Source code for the paper "PharmaBench: Enhancing ADMET benchmarks with large language models"
We present PharmaBench, comprising a total of 156,618 raw entries, compiled from 14,401 bioassays. Researchers and scientists who would like to contribute data should contact the database's maintainers.
We propose a novel data mining approach that incorporates a multi-agent system based on Large Language Models (LLMs) to effectively identify experimental conditions within the descriptions of 14,401 bioassays. Additionally, we have proposed a data processing workflow to integrate data from various sources, totaling 156,618 raw entries. Through this workflow, we have constructed PharmaBench, a comprehensive benchmark set for ADMET properties, which includes eleven ADMET datasets and 52,482 entries. This benchmark set is designed to serve as an open-source dataset for the development of deep learning and machine learning models relevant to drug discovery projects. It is particularly aimed at research in transfer learning, pre-training, and explainable AI.

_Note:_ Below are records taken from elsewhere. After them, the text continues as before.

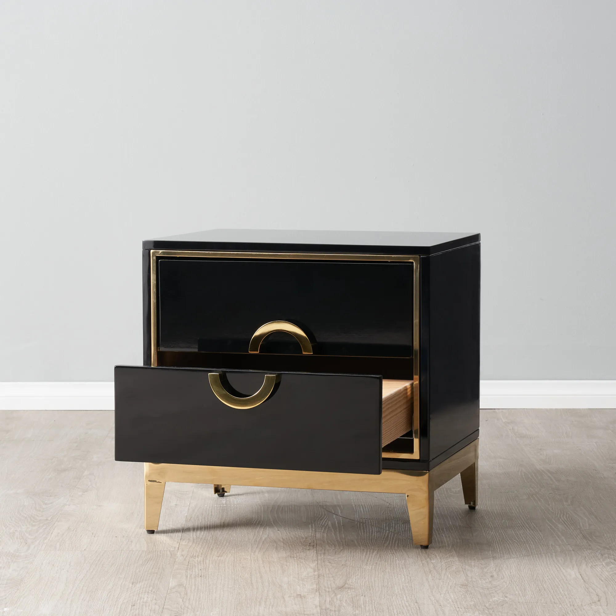 Elevate your bedroom with the Circula High Gloss Nightstand. This stylish piece features a sleek white finish with gold-toned metal accents, creating a modern and luxurious look. The nightstand’s two spacious drawers provide ample storage for your bedside essentials.
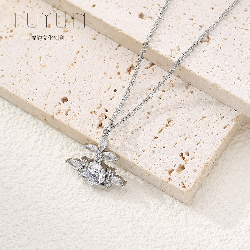 Trendy Necklace Saturn Titan Planet Zircon Inlaid Necklace Simple Petal Planet Necklace High-End Accessory
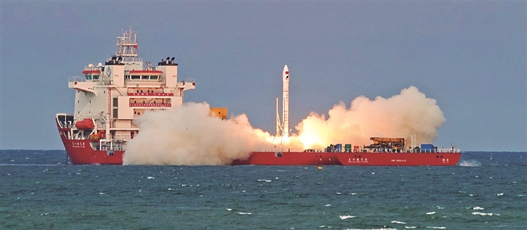 固体火箭“引力一号”在发射现场。资料图片
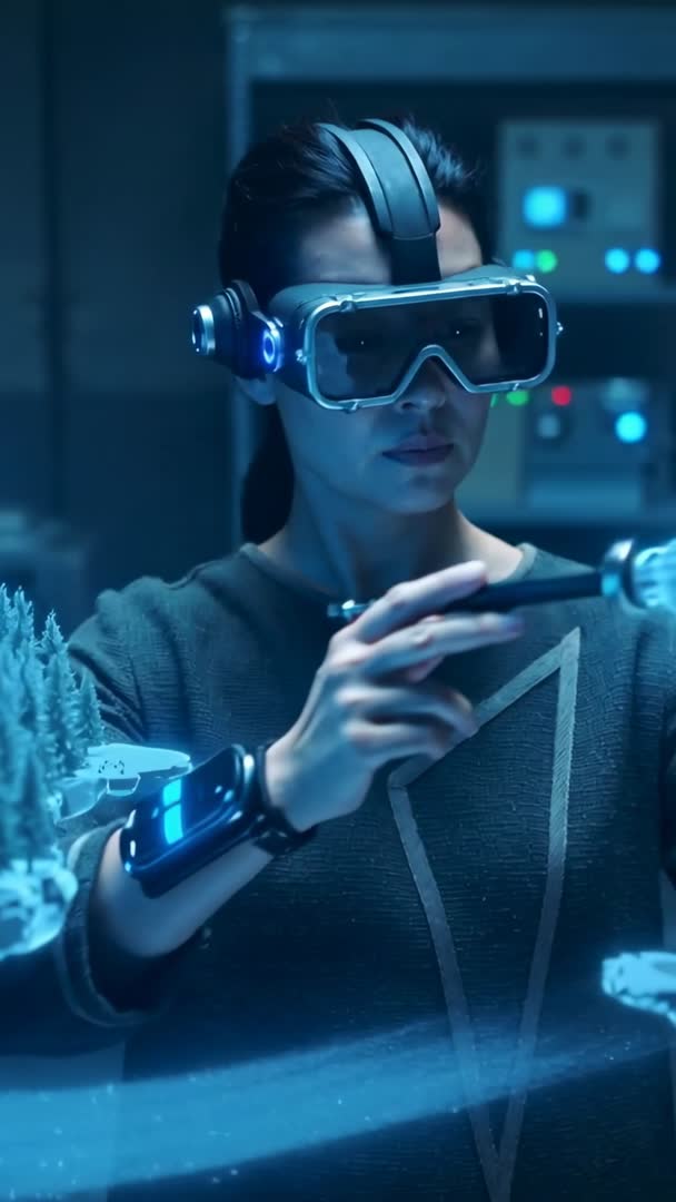 AI Generated Image. Vertical video showing woman using AR headset and holographic stylus while shaping 3D terrain and island models inside laboratory. Close-up framing emphasizing focused expression and precise gesture control, with glowing wrist wearable projecting interactive map overlays and spatial layers. Blue cinematic lighting creating futuristic mood and high-tech contrast, useful for narrative sequences and product demos. Use ideas: promotional clip for AR and MR platforms, demo reel for wearable tech startups, vertical social media ad for product launch, educational snippet for GIS and 3D modeling courses, background visual for presentations on digital twin and spatial computing. Editing tips: include slow motion cuts, subtle UI pop animations, and ambient synth sound design to enhance immersion. License-friendly visual suitable for commercial, editorial, and corporate technology storytelling.
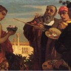 The image depicts two men in historical attire, one holding a wooden spoon and the other a decorated dish. They stand against a classical architectural backdrop filled with vibrant flowers.
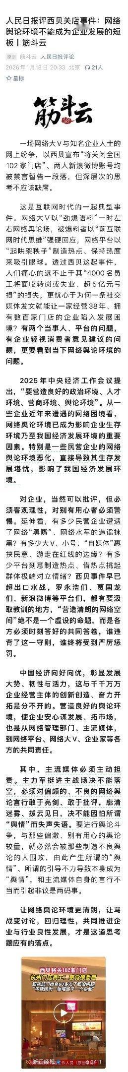 人民日报评西贝关店事件:一些民营企业的网络舆论环境恶化,直接导致其生存发展堪忧,
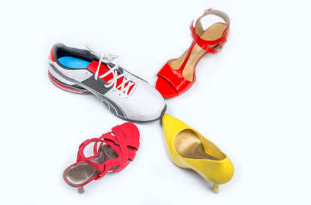 Variety of women's fashion comfortable shoes of all seasons on a light background, top view
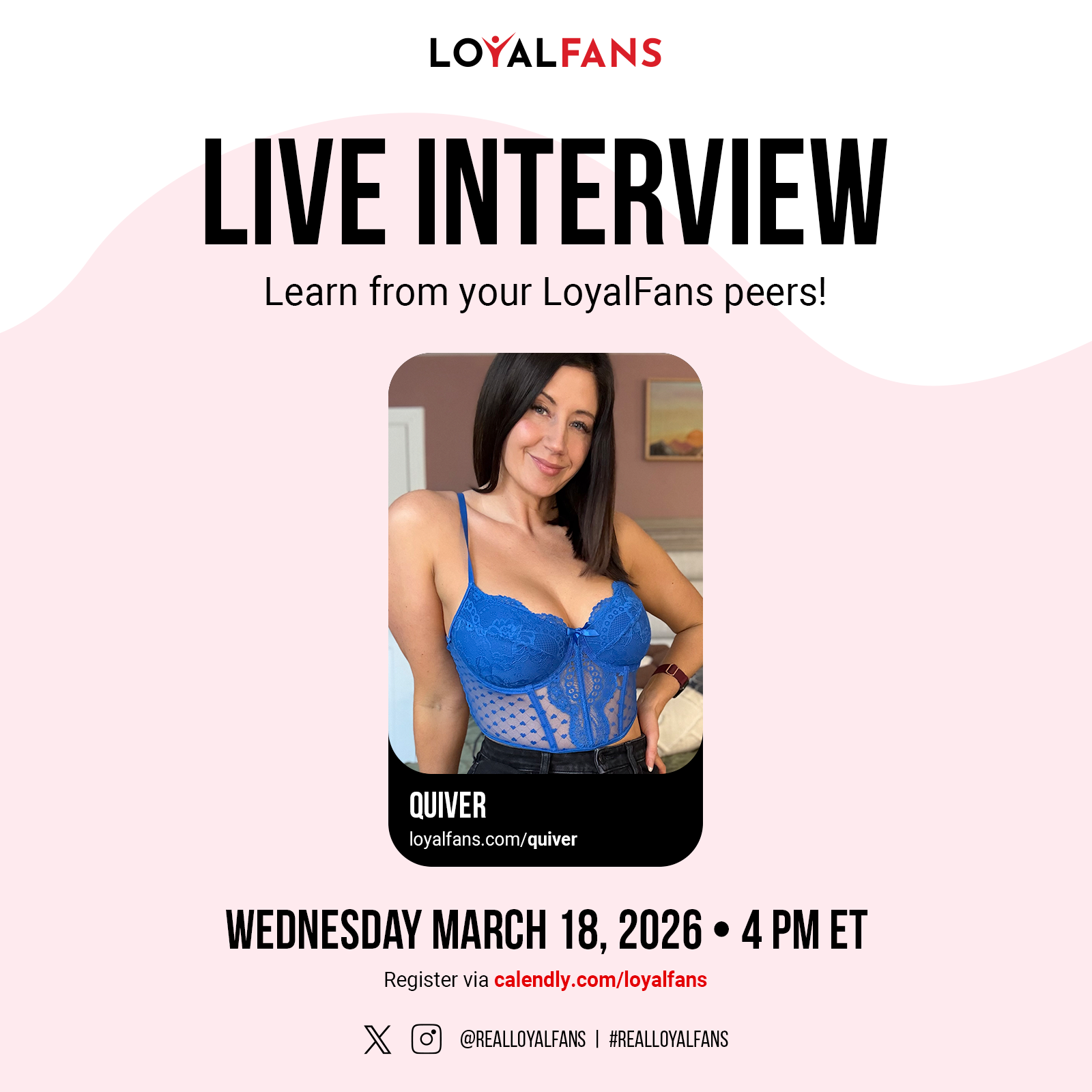 Creators! Join us on the 18th at 4 pm ET for an exclusive interview with our Featured Creator for March, Quiver 🩵 For #realloyalfans creators only, you’ll be able to ask questions in the chat…

Category | Property Name | Entries After Data Processing | Final Entries for AI modelling | Unit | Mission Type |
---|---|---|---|---|---|
Physochemical | LogD | 14,141 | 13,068 | - | regression |
Water Solubility | 14,818 | 11,701 | log10nM | regression | |
Absorption | BBB | 12,486 | 8,301 | - | classification |
Distribution | PPB | 1,310 | 1,262 | % | regression |
Metabolism | CYP 2C9 | 4,507 | 999 | Log10uM | regression |
CYP 2D6 | 1,214 | Log10uM | regression | ||
CYP 3A4 | 1,980 | Log10uM | regression | ||
Clearance | HLMC | 5,252 | 2,286 | Log10(mL.min-1.g-1) | regression |
RLMC | 1,129 | Log10(mL.min-1.g-1) | regression | ||
MLMC | 1,403 | Log10(mL.min-1.g-1) | regression | ||
Toxicity | AMES | 24,780 | 9,139 | - | classification |
Total | 77,294 | 52,482 |
There are eleven ADMET datasets within PharmaBench. Standardized SMILES representations of compounds were provided for modeling the compounds, and the experimental values are provided as the prediction targets. Users may use the labels within the scaffold_train_test_label and random_train_test_label as the train-test labels for fair comparison.
The final datasets for PharmaBench are stored within the data/final_datasets/
path and can be loaded with pandas:
import pandas as pd
# load regression dataset
data = pd.read_csv("data/final_datasets/ames_cls_final_data.csv")
scaffold_training = data[data['scaffold_train_test_label'] == 'train']
scaffold_test = data[data['scaffold_train_test_label'] == 'test']
random_training = data[data['random_train_test_label'] == 'train']
random_test = data[data['scaffold_train_test_label'] == 'test']
The column descriptions are:
Column Name | Description | Data Type |
---|---|---|
Smiles_unify | Standardized SMILES representation of compounds based on standardization methods described in the Data Standardization. | String |
value | Experimental values for different datasets including regression values and classification values | Float |
property | Different ADMET property name for the experiment | String |
scaffold_train_test_label | Training labels based on scaffold splitting, where 1 represents the training data and 0 represents the testing data. | Float |
random_train_test_label | Training labels based on random splitting, where 1 represents the training data and 0 represents the testing data. | Float |
We provide the requirements in requirements.txt. You may install the requirements file by:
conda create --name <env> --file requirements.txt
The materials and data under this repo are distributed under the CC0 Licence.